This event was a humiliating action against the small and heroic South American nation engaged in a democratic political process. Suspicion is strong that the U.S. air base of Manta [in Ecuador] had supplied information and cooperated with the aggressors. President Rafael Correa made the brave decision to demand the return of the territory occupied by the Manta military base, in strict compliance with the terms of the military agreement with the United States, and recalled his ambassador from Bogotá.

photo on the left: Demostration Against the air field in Colombia

Seven U.S. bases in Colombia
The concession of territory for the establishment of seven U.S. military bases in Colombia poses a direct threat to the sovereignty and integrity of the other peoples of South and Central America with which our national heroes dreamed of creating the great Latin American homeland.

The Yankee imperialism is a hundred times more powerful than the colonial empires of Spain and Portugal, and a complete stranger to the origin, customs, and culture of our peoples.

It is not a matter of narrow chauvinism. “Homeland is humanity,” as Martí stated, but never under the domination of an empire which has imposed a bloody tyranny on the world.
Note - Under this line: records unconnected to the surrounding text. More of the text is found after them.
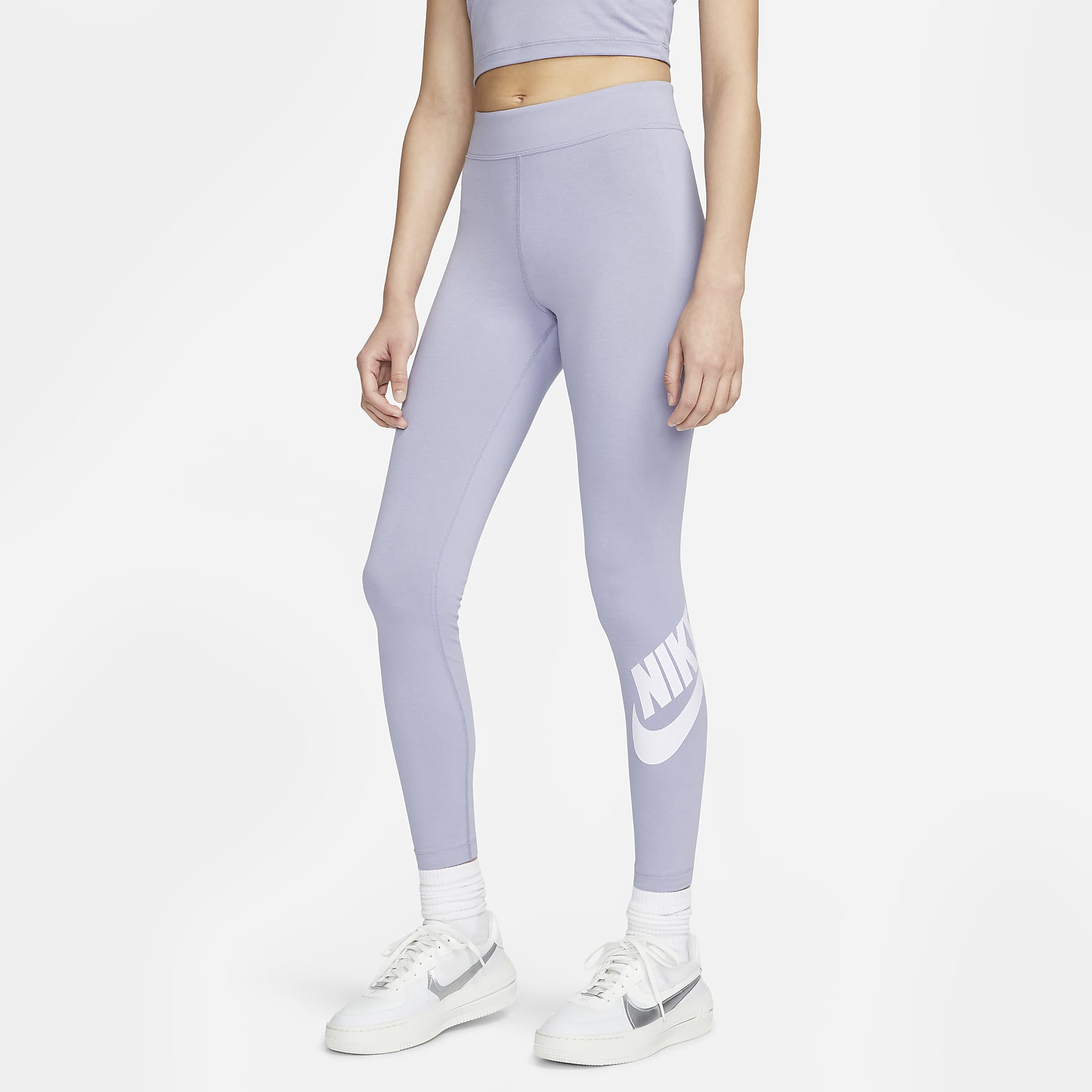 The perfect complement to your favorite tops and tees, the Sportswear Leggings have a high-rise design and a stretchy waistband that sits above your navel. The soft, cotton blend wicks sweat, making these full-length leggings an easy choice for everyday wear.
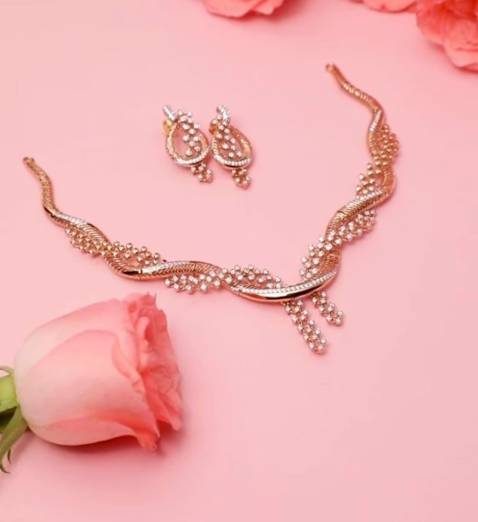 Elegant rose gold-plated 92.5 silver designer necklace set featuring a flowing wave pattern with sparkling crystals and cascading drop accents with matching earrings.
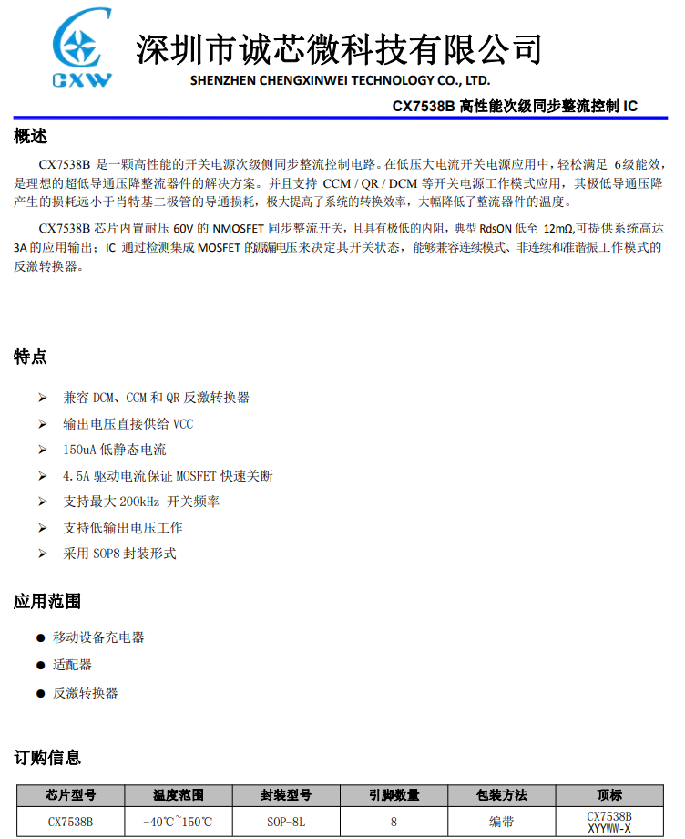 誠芯微CX7538B 支持開關電源的CCM/QR/DCM模式,非常適合3.3~12V快充同步整流使用,內置耐壓60V,11mΩ的同步整流管,可提供3A輸出。比肖特基效率最高提升6%,工作電壓范圍寬,外圍元件非常簡單,在寬電壓應用時,外圍只需一顆電容。
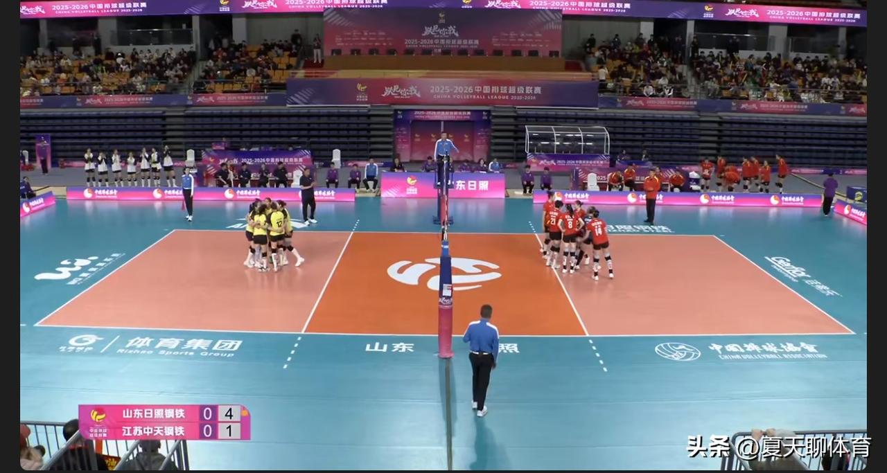 正在直播江苏女排VS山东女排!季后赛的江苏女排全胜,没有一场败绩!主场作战的山东女排能否终结江苏女排的连胜?江苏女排上一场手指受伤的主力二传张籽萱今天首发,吴梦洁、唐欣,杨佳、郭中楠,周页彤,倪非凡;山东女排这边李晨瑄、车文涵,杨涵玉、王文涵,解盛钰,孙杰,王梦洁首发。目前第一局开局,山东女排发球冲击江苏女排,开局4-1领先,江苏叫暂停!
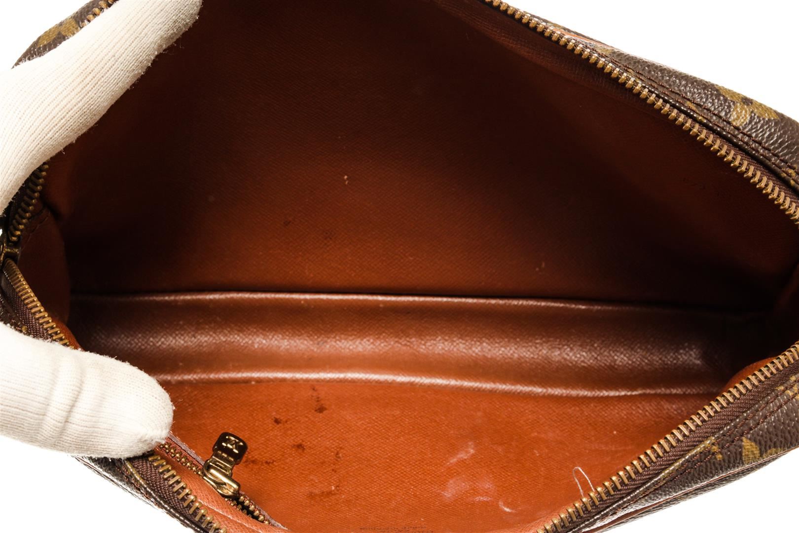 Louis Vuitton Monogram Marly Dragonne. All available information is listed in the description and shown in the photos. Louis Vuitton Monogram Marly Dragonne with coated canvas exterior, brown leather lining, wrist strap, gold-tone hardware, zipper closure, and one main compartment with one zip pocket.
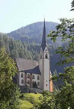 Okna jsou nezasklena a jsou dvojitě dělena pomocí jednoho svislého prutu, který je centricky umístěn v okenním otvoru a v horní části okna končí v kýlových obloucích. Okna jsou opatřena kružbou ve tvaru čtyřlaloku. Kostelní věž zastřešuje velmi vysoká a strmá střecha ve tvaru osmistranného jehlanu, což je typickým znakem kostelů v alpských oblastech. Střecha je opět pokryta střešní krytinou ze štípaných dřevěných šindelů.
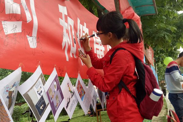 活动现场,心理咨询中心的老师们全程提供温馨的咨询答疑服务,同学们就生活中遇到的点滴问题前来积极咨询学习。许多同学表示,在与老师的交谈中不仅解决了心中困惑已久的问题,还放飞了心灵。在小黄书 活动展示处,同学们纷纷前来签字,写下自己的美好心愿及内心的感受,并积极观览“心灵漫展”绘画作品,互相交流心理漫画中所反应的点滴现象在当代大学生日常生活的映射。不少同学表示在漫画中得到了共鸣,被幽默诙谐的夸张手法逗乐的同时,也感受到了智慧的启迪和生活的哲理,这是一种很有趣的解压方法。
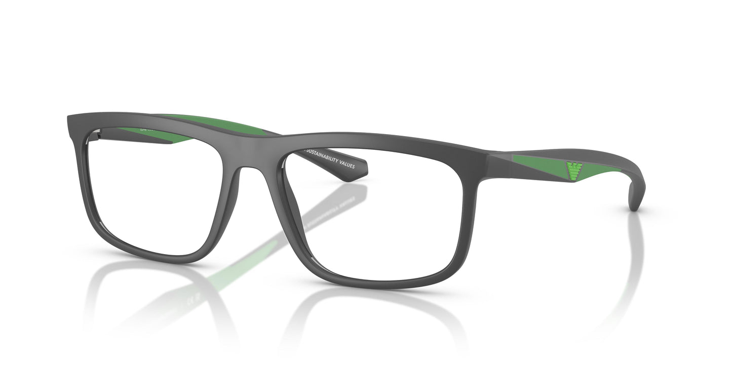 Adopt a fresh and modern style with these optical frames. The rectangular silhouette features subtly curved angles that soften the look. The innovative bi-injected temples, crafted from bio-based nylon fiber and bio-based rubber, ensure uncompromising all-day comfort while adding a signature sporty touch. The iconic Emporio Armani eagle logo, crafted from vibrantly colored rubber, adorns the front of the temple, adding a bold and distinctive touch to each pair. Experience Emporio Armani's commitment to sustainability thanks to the dedicated logo discreetly placed on the inside of the temple.

This is demonstrated beyond question in our own hemisphere by the hundreds of thousands of Latin American compatriots who were killed, tortured, and secretly murdered in Guatemala, El Salvador, Honduras, Nicaragua, Panama, Chile, Argentina, Paraguay, Uruguay, and other countries of Our America through the past five decades by coups d’état and other actions promoted or supported by the United States.

Cynical pretexts
As I analyze the arguments of the United States to try to justify the granting of military bases in Colombian territory, I can only characterize its pretexts as cynical. The U.S. claims that these bases are needed to aid the struggle against drug trafficking, terrorism, arms trafficking, illegal migration, the possession of weapons of mass destruction, nationalist outbursts, and natural disasters.

This powerful country is the largest drug purchaser and consumer on the planet. An analysis of the paper money circulating in the U.S. capital, Washington, has shown that 95 per cent of the bills have been in the hands of drug consumers. The U.S. is the largest market for and the main supplier of weapons to organized crime in Latin America, the same weapons that have killed tens of thousands of people every year south of its own borders.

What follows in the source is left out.